I updated the documentation as you suggested, and I renamed basic_archive
to basic_wal_module.

>      (errcode(ERRCODE_INVALID_PARAMETER_VALUE),
> -     errmsg("must specify restore_command when standby mode is not enabled")));
> +     errmsg("must specify restore_command or a restore_library that defines "
> +            "a restore callback when standby mode is not enabled")));
> This is long.  Shouldn't this be split into an errdetail() to list all
> the options at hand?

Should the errmsg() be something like "recovery parameters misconfigured"?

> -   if (XLogArchiveLibrary[0] != '\0' && XLogArchiveCommand[0] != '\0')
> -       ereport(ERROR,
> -               (errcode(ERRCODE_INVALID_PARAMETER_VALUE),
> -                errmsg("both archive_command and archive_library set"),
> -                errdetail("Only one of archive_command, archive_library may be set.")));
> +   CheckMutuallyExclusiveGUCs(XLogArchiveLibrary, "archive_library",
> +                              XLogArchiveCommand, "archive_command");
> 
> The introduction of this routine could be a patch on its own, as it
> impacts the archiving path.

I moved this to a separate patch.

> - Startup reloading, as of StartupRereadConfig().  This code could
> involve a WAL receiver restart depending on a change in the slot
> change or in primary_conninfo, and force at the same time an ERROR
> because of conflicting recovery library and command configuration.
> This one should be safe because pendingWalRcvRestart would just be
> considered later on by the startup process itself while waiting for
> WAL to become available.  Still this could deserve a comment?  Even if
> there is a misconfiguration, a reload on a standby would enforce a
> FATAL in the startup process, taking down the whole server.

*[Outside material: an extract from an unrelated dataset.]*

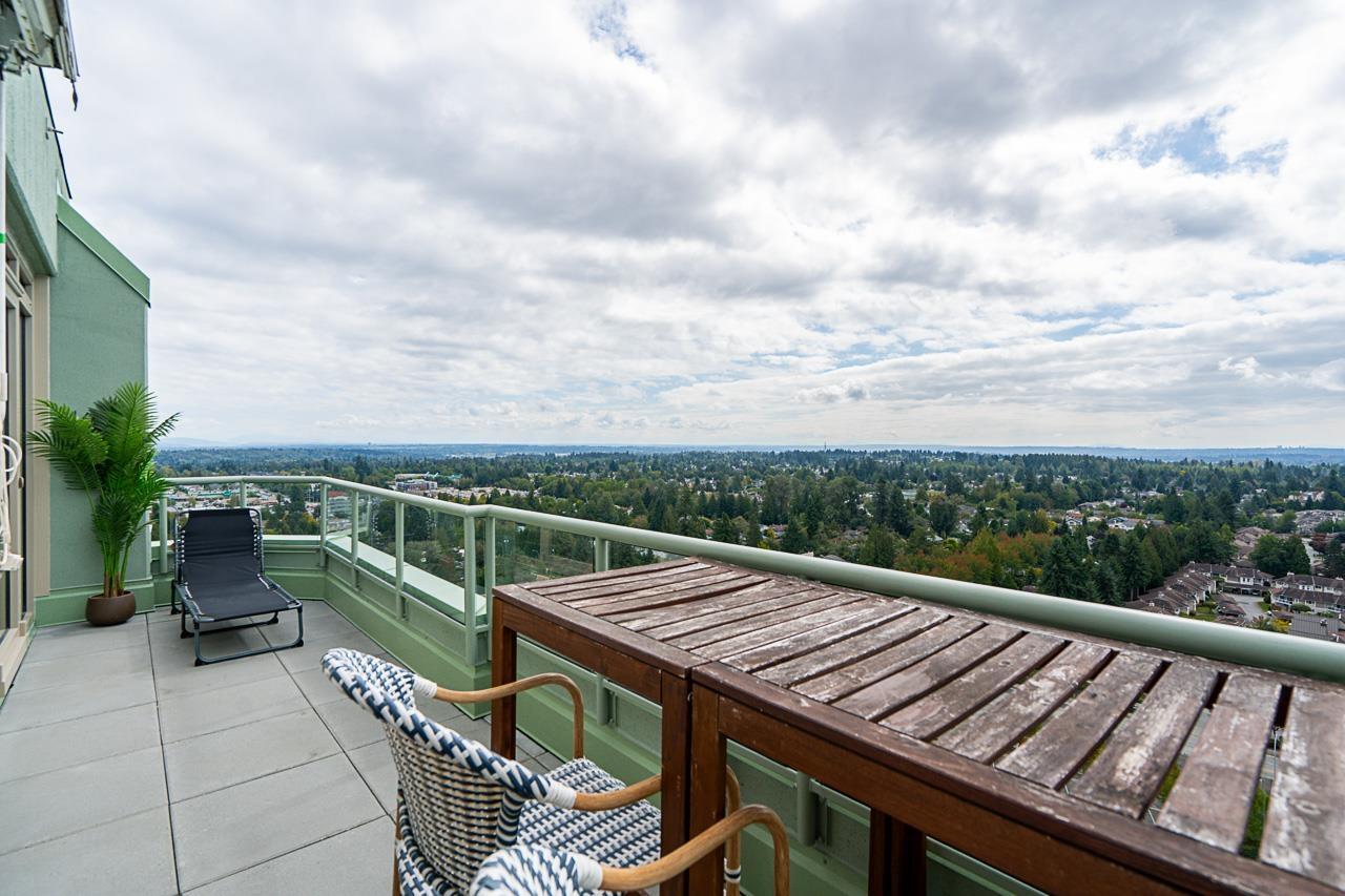 $1,386 MonthlySpectacular 1,733 sq ft penthouse at The Stanley with 3 bedrooms plus den, 2 bathrooms, and 2 parking. Enjoy breathtaking 180° views of Mount Baker, Golden Ears, and the city from massive windows and over 400 sq ft of patio space accessible from multiple rooms. Bright open layout with 9 ft ceilings, luxury vinyl plank flooring, granite counters, crown mouldings, gas fireplace, and updated appliances. Strata has recently replaced windows & patio doors/screens; patio membranes, patio stones, and ext painting; plus both elevators, with all special levies paid and $2m in the CRF. Resort-style amenities include 2 outdoor pools, hot tub, sauna, fitness centre, tennis courts. Centrally located near Guildford Town Centre, Surrey Central, Superstore, transit routes, and steps to Green Timbers Park. (id:52823)

Do you think the parameter checks should go before the WAL receiver restart
logic?

> - Checkpointer initialization, as of CheckpointerMain().  A
> configuration failure in this code path, aka server startup, causes
> the server to loop infinitely on FATAL with the misconfiguration
> showing up all the time..  This is a problem.

Perhaps this is a reason to move the parameter check in CheckpointerMain()
to after the sigsetjmp() block.  This should avoid full server restarts.
Only the checkpointer process would loop with the ERROR.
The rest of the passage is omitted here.